A promising success story from Afghanistan, a country where one in seven women will die during pregnancy and childbirth, was presented  by Dr Douglas Huber whose project delivered condoms, oral contraceptives and injectables at the household level for over 3700 couples. In spite of spouses’ beliefs that injectable contraceptives may cause infertility, the project proved to be a success. Mullahs helped overcome cultural and religious barriers by educating the community, especially men, for improving maternal and child health by spacing pregnancies and by giving correct contraceptive information. The project – MSH REACH- resulted in increased contraceptive use over 2 years, leading the government and international donors to adopt project innovations for national scale-up.

Flickr: Robert S. DonovanPerhaps the most heartfelt and passionate talk I attended was that by Patricia Hibberd on the consequences of exposure to household air pollution to pregnant women and their babies. Billions of people in developing nations rely on biomass in the form of wood, charcoal, dung and crop residue as their domestic cooking fuel.  In September 2010, the United Nations Foundation announced the Global Alliance for Clean Cook Stoves, a new public-private partnership to save lives, empower women, improve livelihoods and combat climate change. Half of the world’s population live in households which use biomass fuel for cooking and heating which leads to high levels of household air pollution (HAP). 5 millions deaths per year are attributed to HAP which is comprised of carbon monoxide, polyaromatic hydrocarbons and particulate matter.

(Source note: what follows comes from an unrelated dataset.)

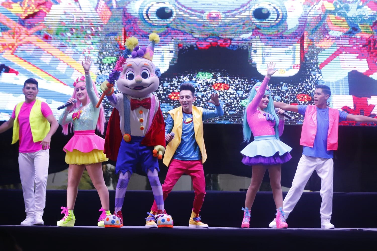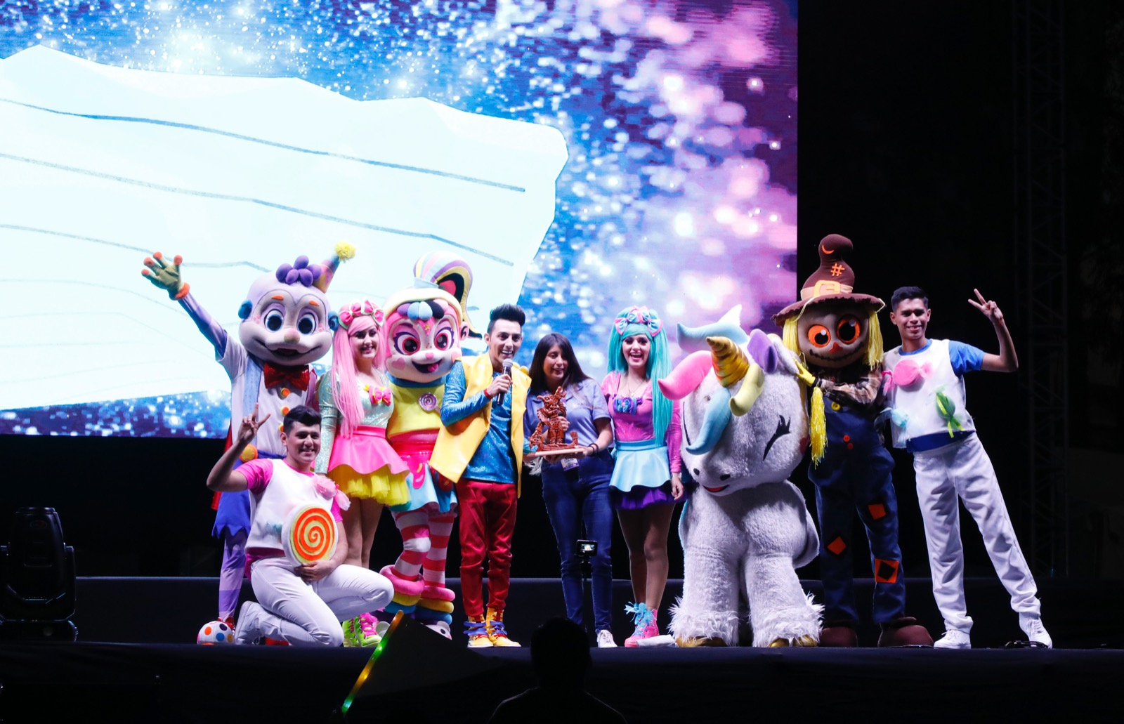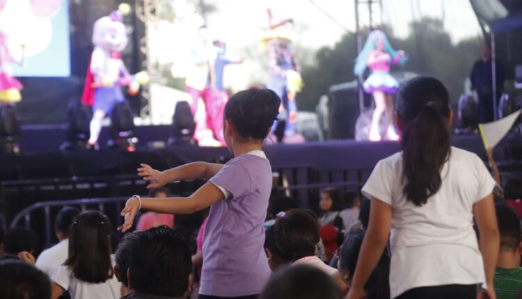 Al escenario también subieron Pumpe, un personaje al que le encantan los cumpleaños; Vanila, una niña que come muchos dulces y no le gusta bañarse; así como el monstruo de los zapatos, el espantapájaros y el unicornio mágico, que pusieron a bailar a las y los menores que irradiaban felicidad en sus rostros.

Exposure to HAP in women increases the risk of hypertension and COPD and effects on their babies include an increase in the risk of being born preterm, low birth-weight or dying in the perinatal period. How bad is HAP is for pregnancy exactly? It’s not yet clear as Dr Hibberd explained since many studies carried out on the subject are of low quality due to the difficulty in measuring exposure, the many confounding factors and poorly defined and measured outcomes.

Dr Hibberd’s Global Network Study focusing on the effects of indoor air pollution on maternal and neonatal outcomes followed 65,000 pregnant women and their babies and found that HAP reduces birthweight and that it also has an effect on perinatal mortality. Although levels of particulates have not been measured yet (the study has only looked at what fuels the households have used), Dr Hibberd stated that this was the next step.

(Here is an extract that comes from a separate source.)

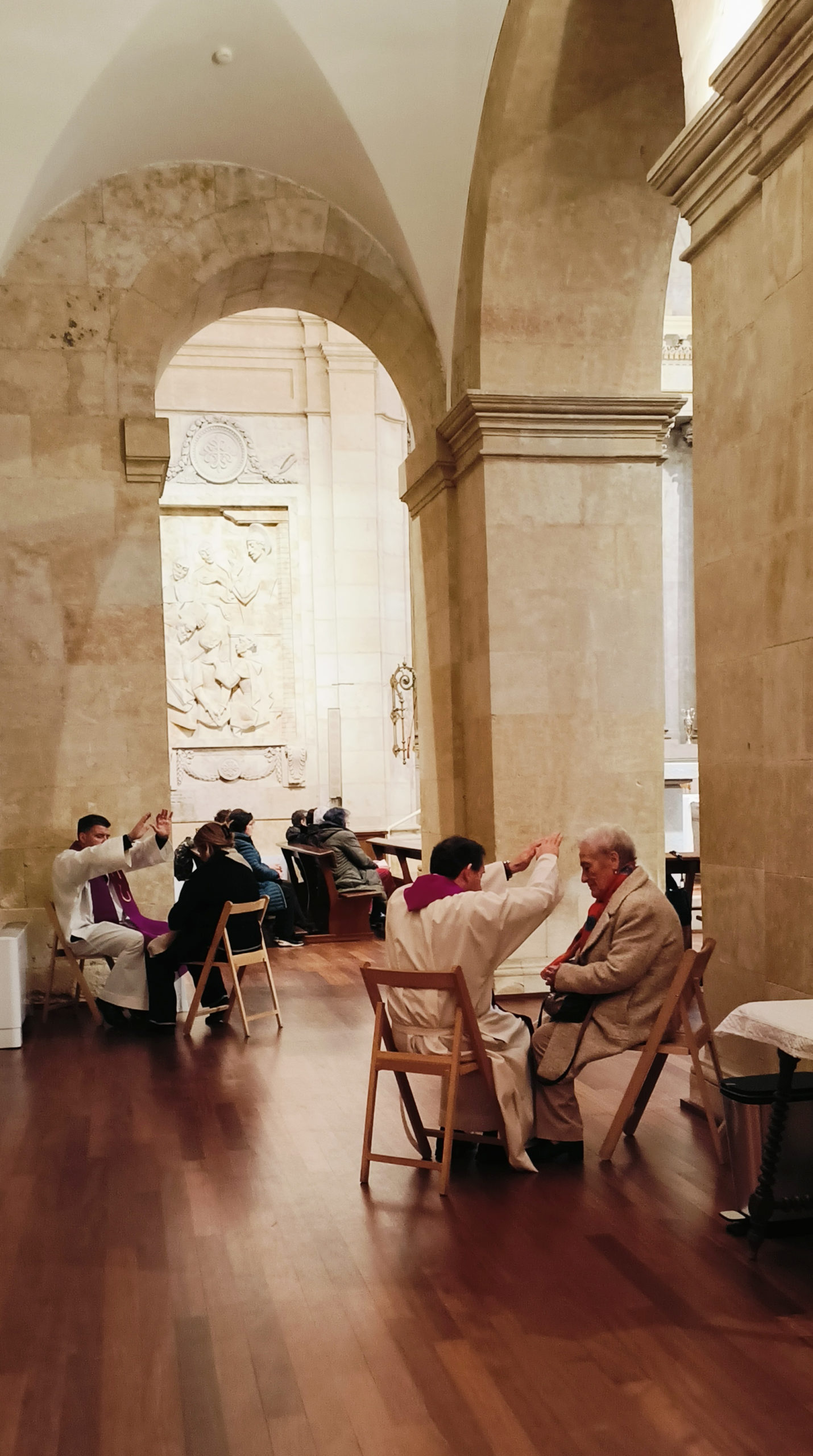 Tras la charla-meditación, los participantes vivieron un tiempo de silencio y adoración al Santísimo, animado con los cantos de las hermanas Carmelitas Samaritanas. Durante este momento de oración, se ofreció la posibilidad de participar en el sacramento de la Reconciliación. La jornada concluyó con una puesta en común y una comida fraterna.

So what needs to be done next? As Dr Hibberd pointed out, the focus needs to be placed on improving household design, replacing cook stoves with new cooking solutions and determining whether these are practical and good enough to achieve health benefits. It’s not going to be easy though – huge challenges involve the need to change community behaviour, supplying clean cook stoves and providing resources to cover the expenses associated with introducing safer solutions.